Tuesday, July 25, 2006

Book Review: No Fluff, Just Stuff

No Fluff, Just Stuff 2006 Anthology


Publisher: Pragmatic Bookshelf

This book is every bit its title: Concise, targeted chapters getting right to the gist of a topic.  Furthermore, the chapters are written by some of the sharpest folks in the software industry -- they know a thing or three and are great authors who've written clear, understandable pieces.  The book is based on the No Fluff, Just Stuff Symposium series (ww.nofluffjuststuff.com) in which the authors travel around North America giving intense multi-day seminars.

The book's first chapter, "Real World Web Services" by Scott Davis, sets the tone for the rest of the book: a nice walkthrough of Service-Oriented Architeture, cutting through all the hype surrounding SOA and doing a great job of explaining it in five short paragraphs.  Davis moves on to more detail on web services, walking the reader through SOAP, REST, and JSON.

The other chapters follow the same line with clear background and focused discussion on the most important parts of the topic.  You can read about instrumenting software, using code coverage, or even dealing with CSS from a developer's perspective.  Much of the book's code is Java-centric, but the concepts are important and similar across platforms, so any developer (even a .NET geek like me) can get a lot out of the book.

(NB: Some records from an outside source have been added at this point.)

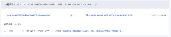 5. 其余8,155 ETH全部换成1,050,285个CVX代币并转账给该团队控制的另一个多签地址2 [0xdc71](注:该地址同时为USDM协议手续费收款地址,另CVX是加速Curve挖矿的创新DeFi项目Convex Finance的代币);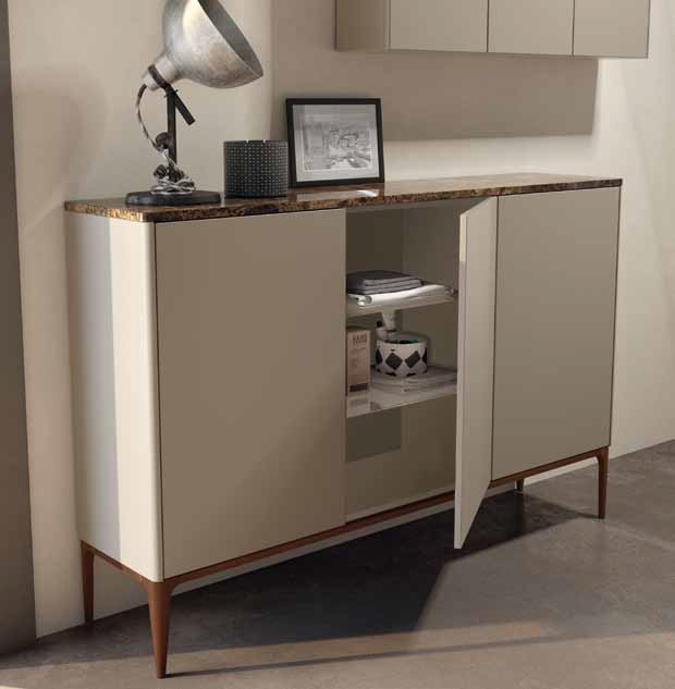 Fianchi, scocca e frontali delle basi sono realizzati nelle finiture laccate/perlate. I pannelli sono in MDF idrofugo.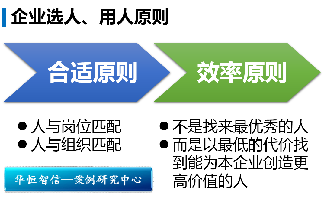 然而,这套标准并不是放之四海皆准的,现实中能符合这套标准的人才也很难找到,企业在用人时不应盲目苛求员工具备这些特质。华恒智信认为,企业在选人、用人时应当遵循以下原则: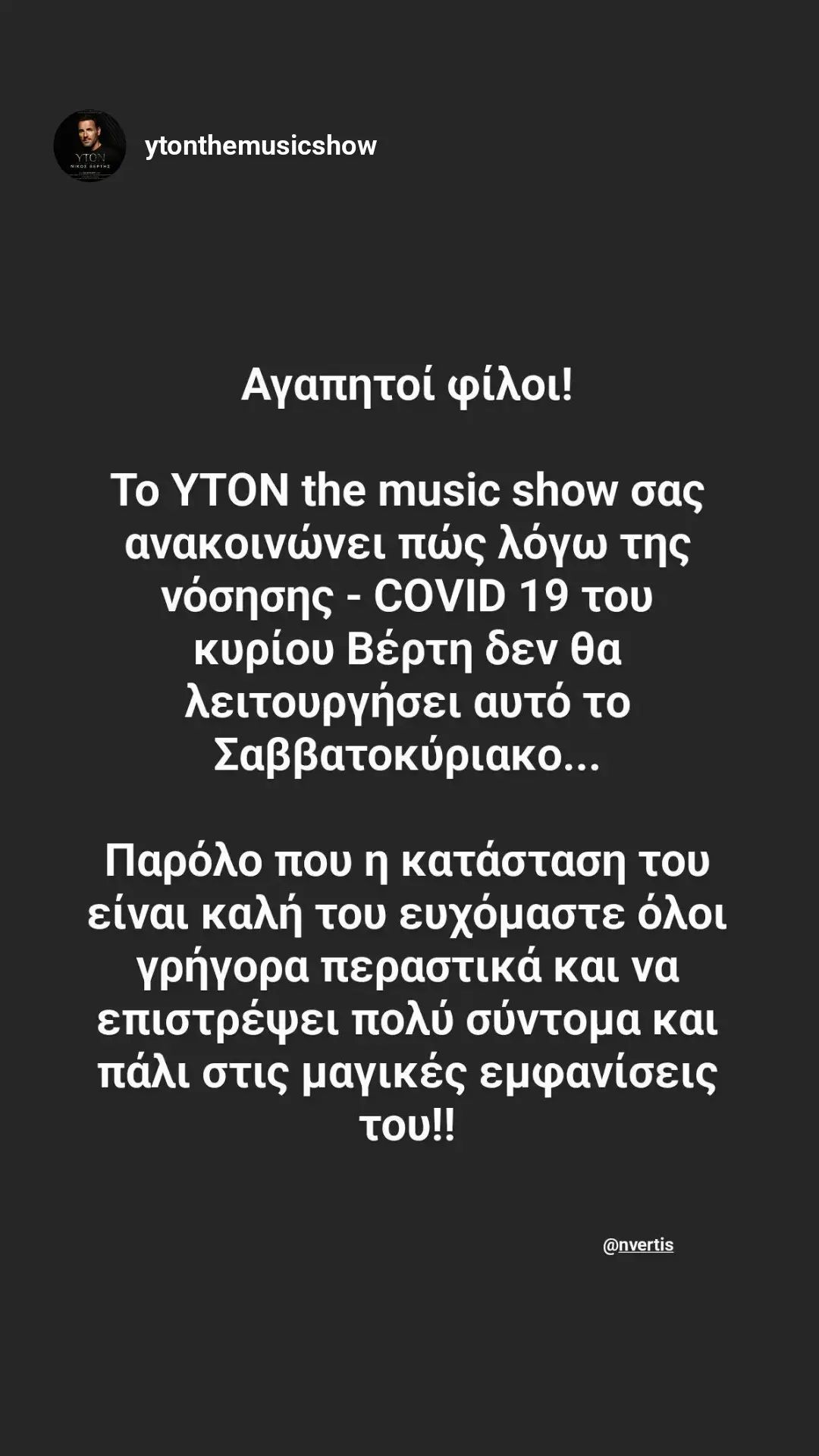 «Αγαπητοί φίλοι, το YTON the music show σας ανακοινώνει πως λόγω της νόσησης COVID-19 του κυρίου Βέρτη δε θα λειτουργήσει αυτό το Σαββατοκύριακο. Παρόλο που η κατάσταση του είναι καλή, του ευχόμαστε όλοι γρήγορα περαστικά και να επιστρέψει πολύ σύντομα και πάλι στις μαγικές εμφανίσεις τους», αναφέρει η σχετική ανάρτηση του μαγαζιού στο Instagram, που κοινοποίησε κι ο τραγουδιστής.

Additionally, the book's not solely focused on pure code.  Several chapters highlight process or methodology topics, like Jared Richardson's "The Cornerstone of a Great Shop" which discusses build processes, or Venkat Subramaniam's "From Fragility to Agility: Methodologies and Practices" which hits the main points of rolling into agile development.

This book is a terrific read.  It's concise, it's detailed, it's well-written.  Definitely a keeper for my bookshelf.